> Problem details
Look below for the line with "Семена Вьюнок трехцветный", then repeat it and all lines after it, exactly, minus any pictures.

____ Information shown

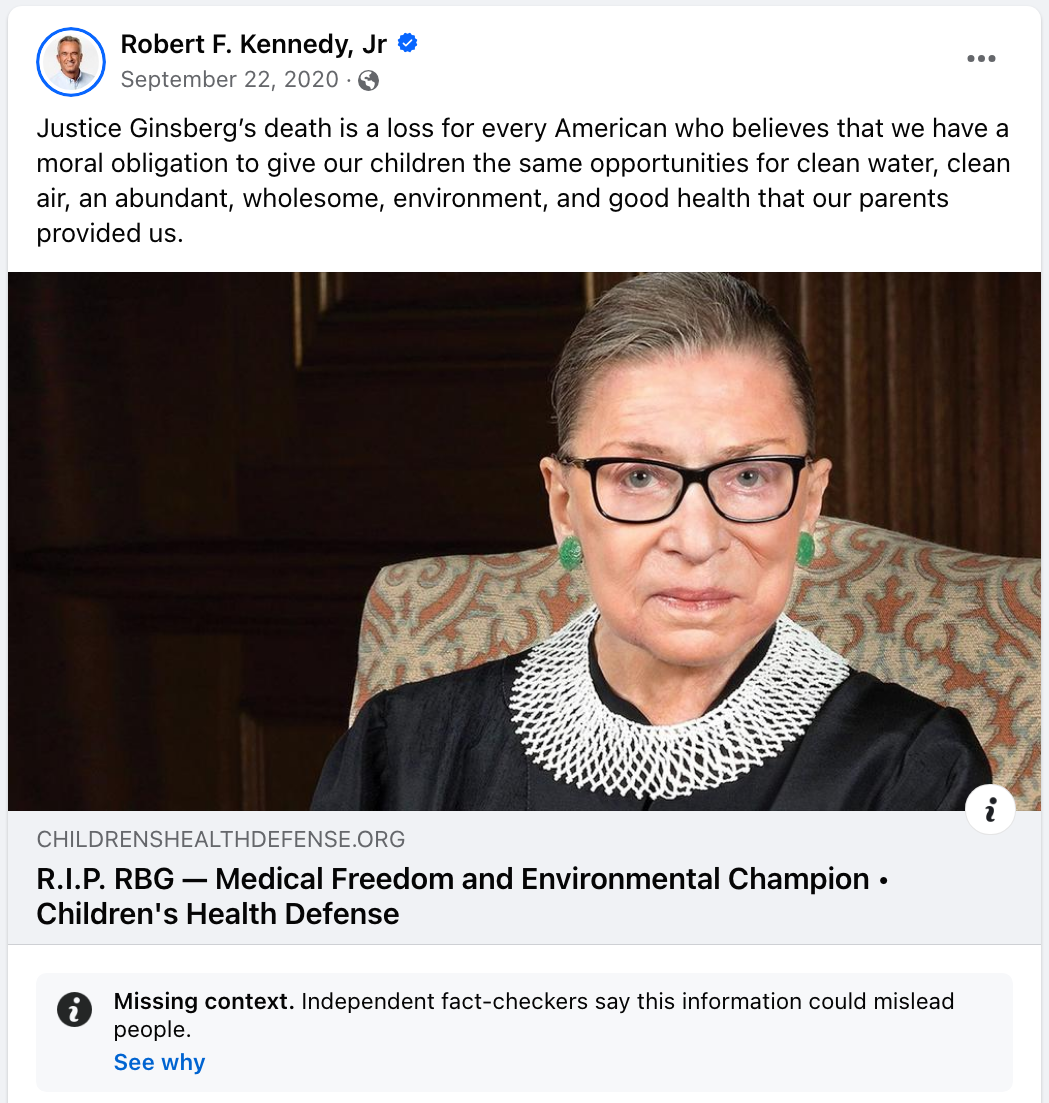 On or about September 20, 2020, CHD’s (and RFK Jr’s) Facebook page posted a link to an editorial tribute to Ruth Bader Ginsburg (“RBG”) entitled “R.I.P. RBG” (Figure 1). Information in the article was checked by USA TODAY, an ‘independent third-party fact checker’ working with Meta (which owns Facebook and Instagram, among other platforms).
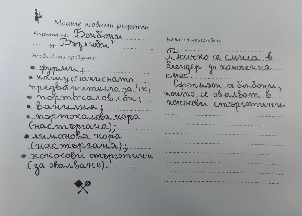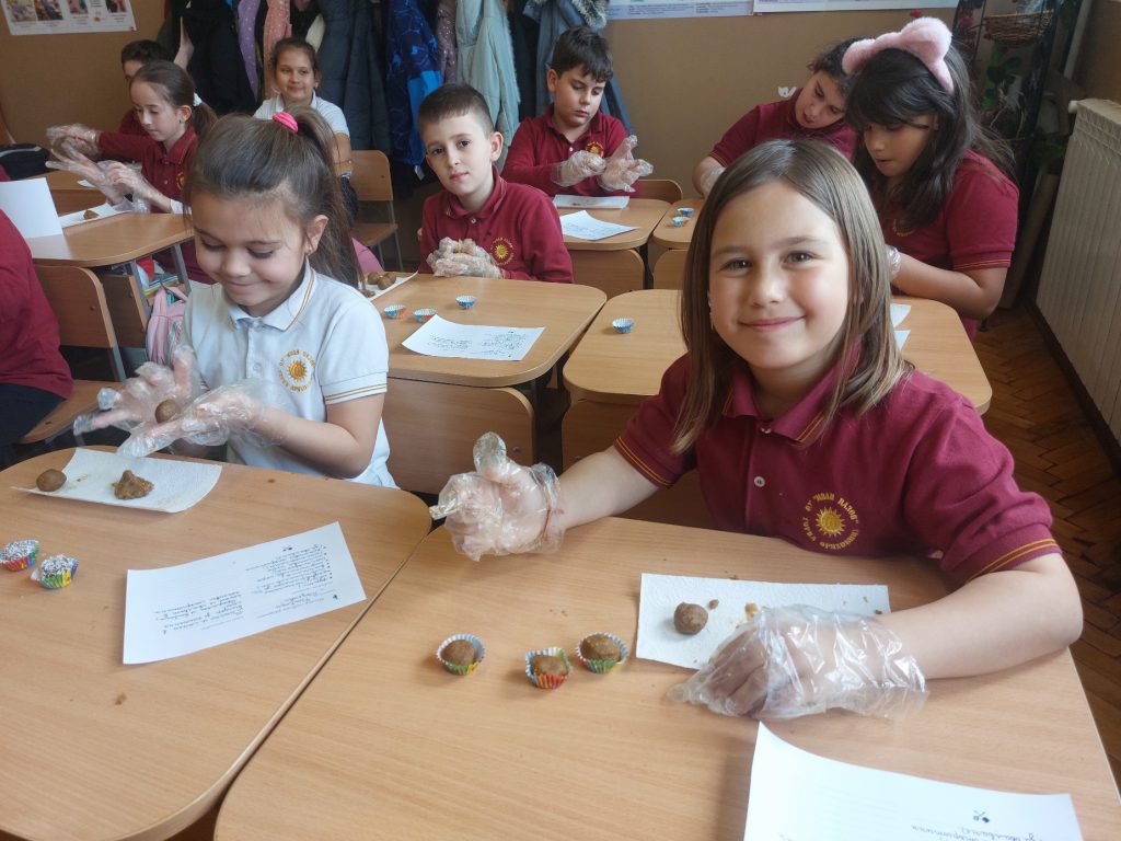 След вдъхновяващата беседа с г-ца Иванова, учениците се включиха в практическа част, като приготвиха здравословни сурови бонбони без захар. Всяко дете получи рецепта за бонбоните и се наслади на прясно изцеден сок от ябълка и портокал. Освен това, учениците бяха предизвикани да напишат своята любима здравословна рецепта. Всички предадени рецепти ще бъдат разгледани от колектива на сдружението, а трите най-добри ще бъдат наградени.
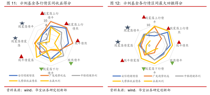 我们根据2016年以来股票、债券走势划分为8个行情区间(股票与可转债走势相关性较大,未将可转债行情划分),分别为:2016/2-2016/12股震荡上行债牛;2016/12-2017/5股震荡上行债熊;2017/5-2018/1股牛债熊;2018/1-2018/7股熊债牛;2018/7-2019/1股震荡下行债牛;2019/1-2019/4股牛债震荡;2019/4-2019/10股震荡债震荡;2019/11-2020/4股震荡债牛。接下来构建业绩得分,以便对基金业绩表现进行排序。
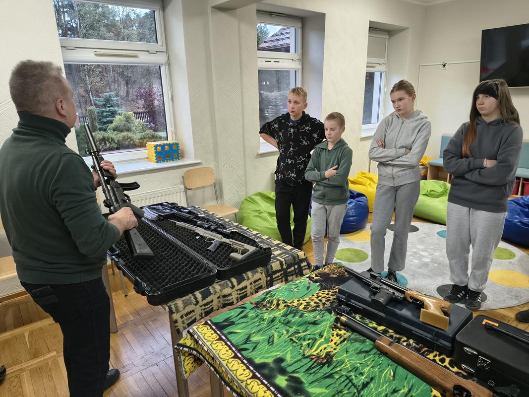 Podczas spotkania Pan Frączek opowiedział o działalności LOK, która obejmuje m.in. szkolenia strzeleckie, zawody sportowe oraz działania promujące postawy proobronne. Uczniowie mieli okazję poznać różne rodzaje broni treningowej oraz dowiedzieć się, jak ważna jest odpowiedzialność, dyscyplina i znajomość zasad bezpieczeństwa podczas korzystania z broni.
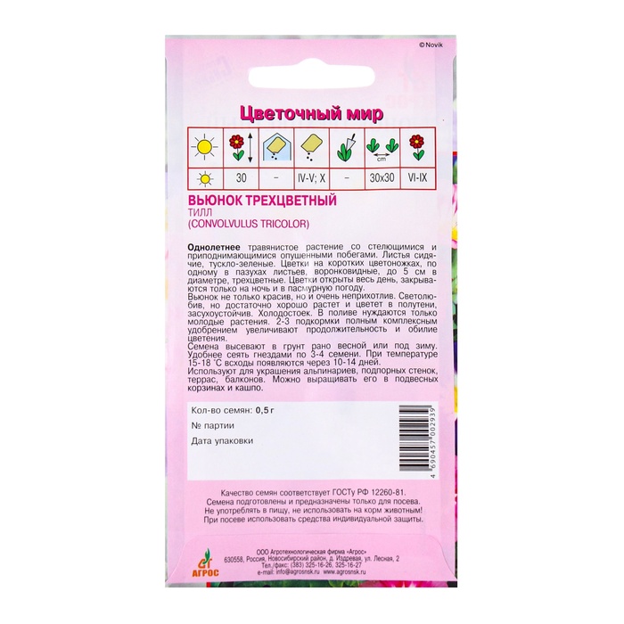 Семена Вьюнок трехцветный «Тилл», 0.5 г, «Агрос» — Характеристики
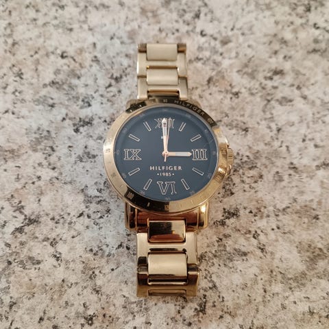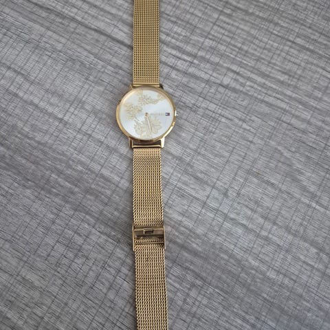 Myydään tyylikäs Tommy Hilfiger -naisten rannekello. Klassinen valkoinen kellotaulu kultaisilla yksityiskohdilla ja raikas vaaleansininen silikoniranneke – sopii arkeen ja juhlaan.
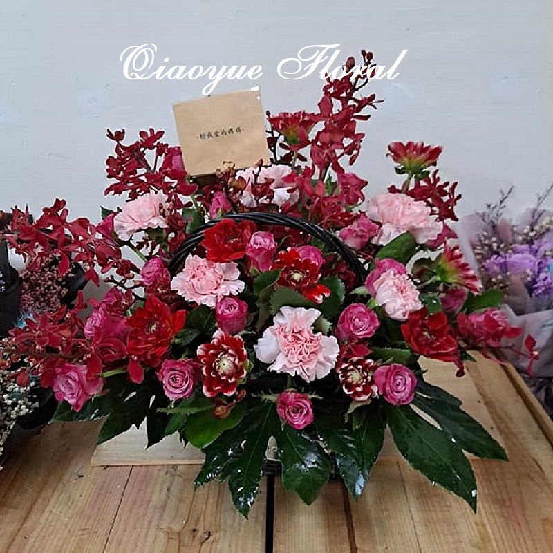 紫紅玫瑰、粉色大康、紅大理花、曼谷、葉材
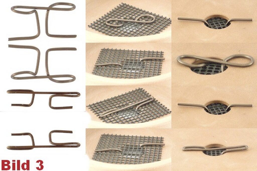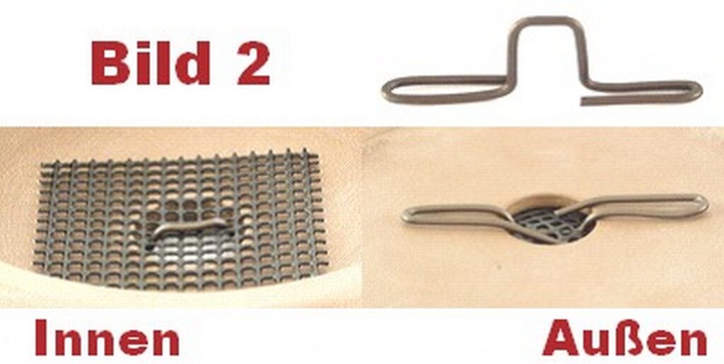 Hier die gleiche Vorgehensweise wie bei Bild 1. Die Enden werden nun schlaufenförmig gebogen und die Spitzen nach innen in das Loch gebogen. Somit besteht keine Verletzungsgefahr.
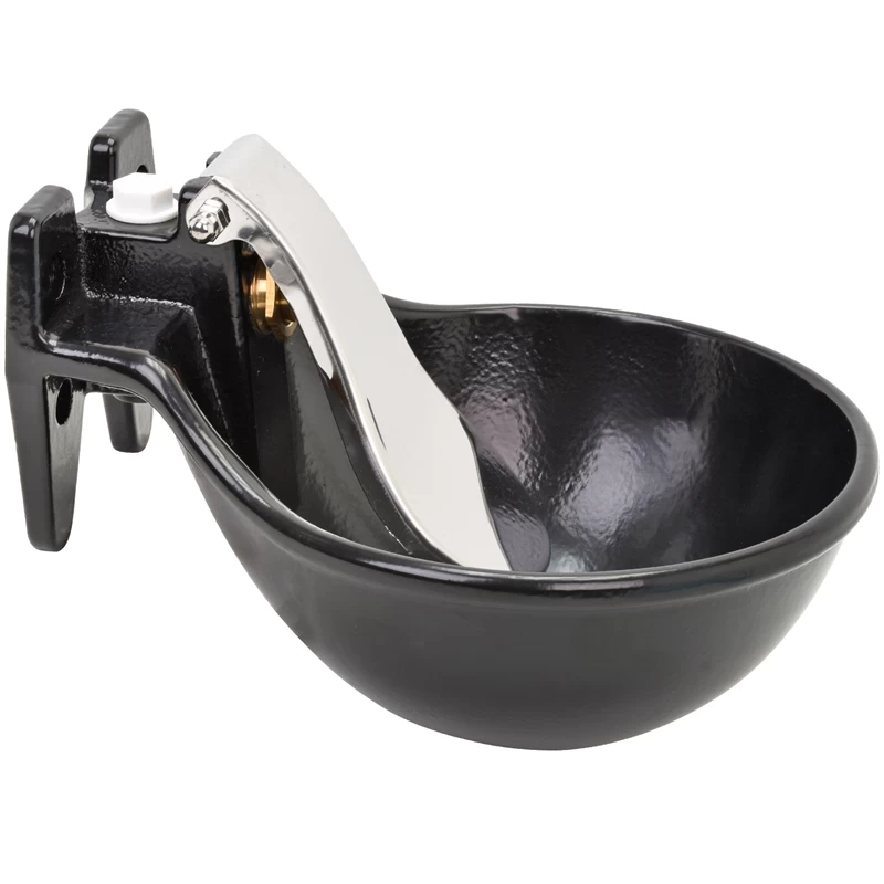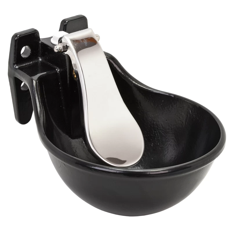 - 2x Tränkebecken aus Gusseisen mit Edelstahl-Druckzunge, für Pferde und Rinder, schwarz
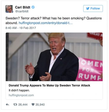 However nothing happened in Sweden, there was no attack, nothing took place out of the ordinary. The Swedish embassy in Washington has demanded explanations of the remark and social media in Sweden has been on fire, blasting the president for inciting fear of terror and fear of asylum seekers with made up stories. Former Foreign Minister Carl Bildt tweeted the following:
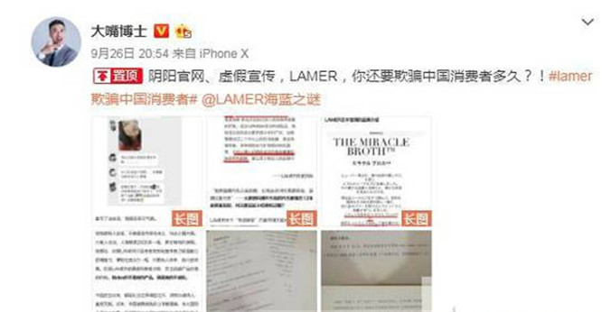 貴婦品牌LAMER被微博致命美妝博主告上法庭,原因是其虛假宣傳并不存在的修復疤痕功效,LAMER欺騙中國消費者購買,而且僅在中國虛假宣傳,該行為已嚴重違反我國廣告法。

________

> Answer box
 Семена Вьюнок трехцветный «Тилл», 0.5 г, «Агрос» — Характеристики
 Myydään tyylikäs Tommy Hilfiger -naisten rannekello. Klassinen valkoinen kellotaulu kultaisilla yksityiskohdilla ja raikas vaaleansininen silikoniranneke – sopii arkeen ja juhlaan.
 紫紅玫瑰、粉色大康、紅大理花、曼谷、葉材
 Hier die gleiche Vorgehensweise wie bei Bild 1. Die Enden werden nun schlaufenförmig gebogen und die Spitzen nach innen in das Loch gebogen. Somit besteht keine Verletzungsgefahr.
 - 2x Tränkebecken aus Gusseisen mit Edelstahl-Druckzunge, für Pferde und Rinder, schwarz
 However nothing happened in Sweden, there was no attack, nothing took place out of the ordinary. The Swedish embassy in Washington has demanded explanations of the remark and social media in Sweden has been on fire, blasting the president for inciting fear of terror and fear of asylum seekers with made up stories. Former Foreign Minister Carl Bildt tweeted the following:
 貴婦品牌LAMER被微博致命美妝博主告上法庭,原因是其虛假宣傳并不存在的修復疤痕功效,LAMER欺騙中國消費者購買,而且僅在中國虛假宣傳,該行為已嚴重違反我國廣告法。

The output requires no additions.